Daily Herald opinion: As TikTok concerns Congress, all social media should be addressed

Like many of our readers, we aren’t quite sure what to think of the potential TikTok ban introduced by Congressman Raja Krishnamoorthi.

Because the information gathered by the platform is classified, everyone is left wondering how dangerous a social media app can be to our national security. It’s unclear what private information China is gathering and how it could be used against us.

But the legislation does make us rethink the question of online privacy, not only on TikTok but on all social media platforms. They all collect our data. If China can use this information to harm us, we should be concerned about how the owners of any app could gather and use our personal information.

In her recent story on the possible TikTok ban, reporter Jenny Whidden talked to Facebook followers who had similar strong feelings on the topic.

“Facebook collects data. Instagram collects data. Twitter collects data — well, X. Every single one of them collects data. If your issue really is data privacy, then why aren't those also being considered?” said Brianna Powvens of Gurnee. “We don't want China taking our data, but we're okay that the U.S. is collecting data. I think that's a point that's missed.”

It is.

Maybe what this country really needs is a national privacy law regulating how consumer data online can be collected, used and shared.

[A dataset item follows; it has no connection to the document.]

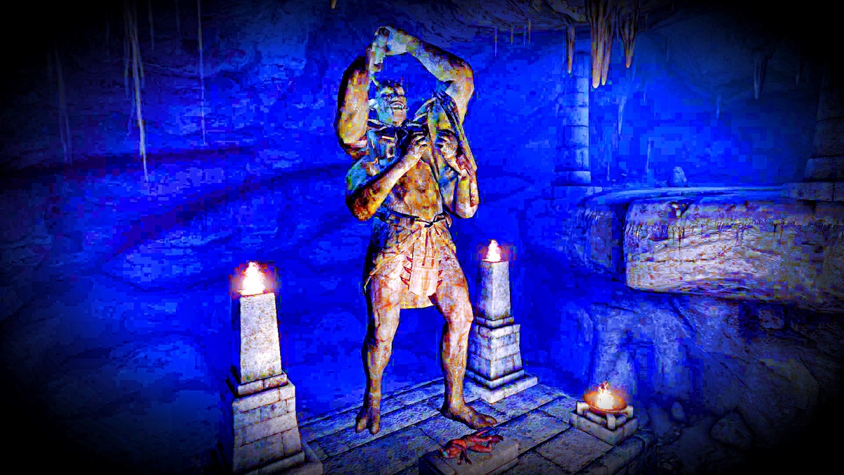 Спустившись к статуе, я обнаружил на алтаре почти голого аргонианина. Так, они тут ещё и жертвы Дагону приносят?

Because if not TikTok, then another social media platform possibly owned by China or another foreign interest can also be a threat. We know kids jump from platform to platform, either out of boredom or to outrun their parents. It happened with Facebook and Instagram, and there are plenty of parents now on TikTok enjoying cat videos or discovering new recipes. So there will constantly be bigger and better platforms entering the market to attract the next generation of users. If we don’t have an overarching social media privacy law, then where’s the safety guarantee on that shiny new app?

We all deserve protection of our private and personal information, and this should be a priority for Congress.

The other lesson learned here is that we can all control what information we put on social media platforms. We can limit what we post and share and what’s private or public.

Think about this every time you log onto social media, whether it be TikTok, Snap, Facebook, Instagram or any other platform. Think about what could be done with your personal information, not just by China but by hackers or anyone trying to steal your identity or disrupt your life.

Think about security questions you answer when you log onto bank or credit card websites. Could someone find compromising information by scrolling your social posts? If the answer is yes, an audit of your social media accounts should be a priority.

Keep yourself safe, and in the meantime, we hope legislators look at the bigger social media picture and set a national policy regulating how our personal information can be collected, used and shared.

In this era of a chaotic and sharply divided Congress, the lobbying powers of big tech companies and questions about what constitutes privacy, this would be difficult to do but not impossible. And it is critically important.